Cuerpos como territorios de saberes
El feminismo comunitario, tal como lo plantea Paredes, nos invita a reconsiderar los cuerpos como territorios vivos donde se tejen saberes, memorias y resistencias. En este sentido, una política cultural que parta de los cuerpos de los distintos géneros debe comenzar por reconocer que cada cuerpo es un espacio cargado de significados y experiencias. No se trata sólo de pensar en los cuerpos como objetos de intervención cultural, sino de entender que esos cuerpos, con sus sentires y deseos, son fuentes inagotables de conocimiento y creatividad.
Al construir una política cultural desde esta perspectiva, es fundamental considerar las representaciones sociales que se tienen de los cuerpos de acuerdo con su género, así como las representaciones que las personas tienen de sí mismas.

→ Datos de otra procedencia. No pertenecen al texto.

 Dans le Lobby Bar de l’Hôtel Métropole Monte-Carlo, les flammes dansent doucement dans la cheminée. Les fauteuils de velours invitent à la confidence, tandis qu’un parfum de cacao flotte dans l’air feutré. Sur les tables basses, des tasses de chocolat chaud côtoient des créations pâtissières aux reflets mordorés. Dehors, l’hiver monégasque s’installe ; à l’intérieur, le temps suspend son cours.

Este doble enfoque permite no sólo visibilizar las dinámicas de poder que operan en torno a los cuerpos, sino también abrir espacios para que las propias personas se reapropien de sus narrativas y expresen sus deseos de vivir una buena vida.

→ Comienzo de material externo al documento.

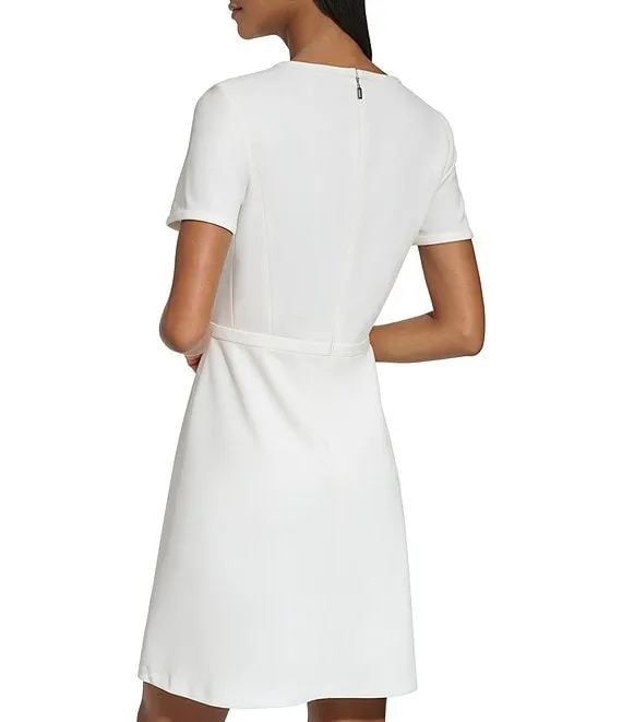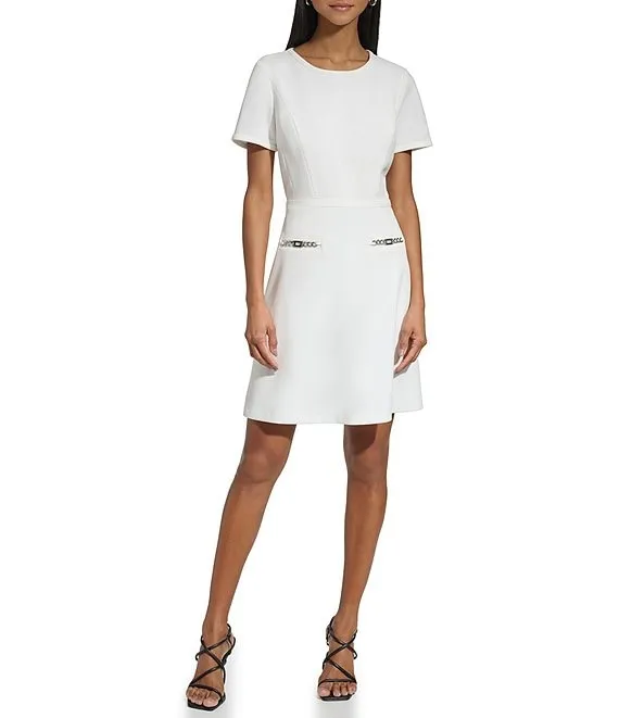 Scuba Crepe Round Neck Short Sleeve Chain Detail Dress

Los espacios de los cuerpos
En las sociedades contemporáneas, los cuerpos de los distintos géneros ocupan espacios que están marcados por profundas desigualdades. Estos espacios, tanto físicos como simbólicos, son producto de estructuras de poder que asignan roles y expectativas específicas a cada género. En este contexto, una política o un proyecto cultural que aspire a ser transformador debe incorporar una reflexión crítica sobre los espacios que ocupan los cuerpos en la sociedad.
Incorporar esta conciencia espacial implica, por ejemplo, reconocer cómo las mujeres, personas no binarias y otros grupos de géneros marginalizados son frecuentemente excluidos de ciertos espacios culturales. Pero también implica cuestionar y reconfigurar estos espacios para que sean accesibles y seguros para todas las personas. Una política cultural comprometida con esta idea podría promover la creación de espacios culturales donde se fomente la participación activa de cuerpos de todos los géneros, reconociendo y celebrando sus diferencias.
Los tiempos de los cuerpos
La temporalidad es otro aspecto crucial en la vida de los cuerpos, especialmente en lo que respecta a cómo se distribuyen y valoran los tiempos según el género. Las mujeres, por ejemplo, suelen estar sujetas a una doble jornada laboral, dividiendo su tiempo entre el trabajo remunerado y el trabajo doméstico no remunerado. Este patrón tiene un impacto directo en su participación cultural y política.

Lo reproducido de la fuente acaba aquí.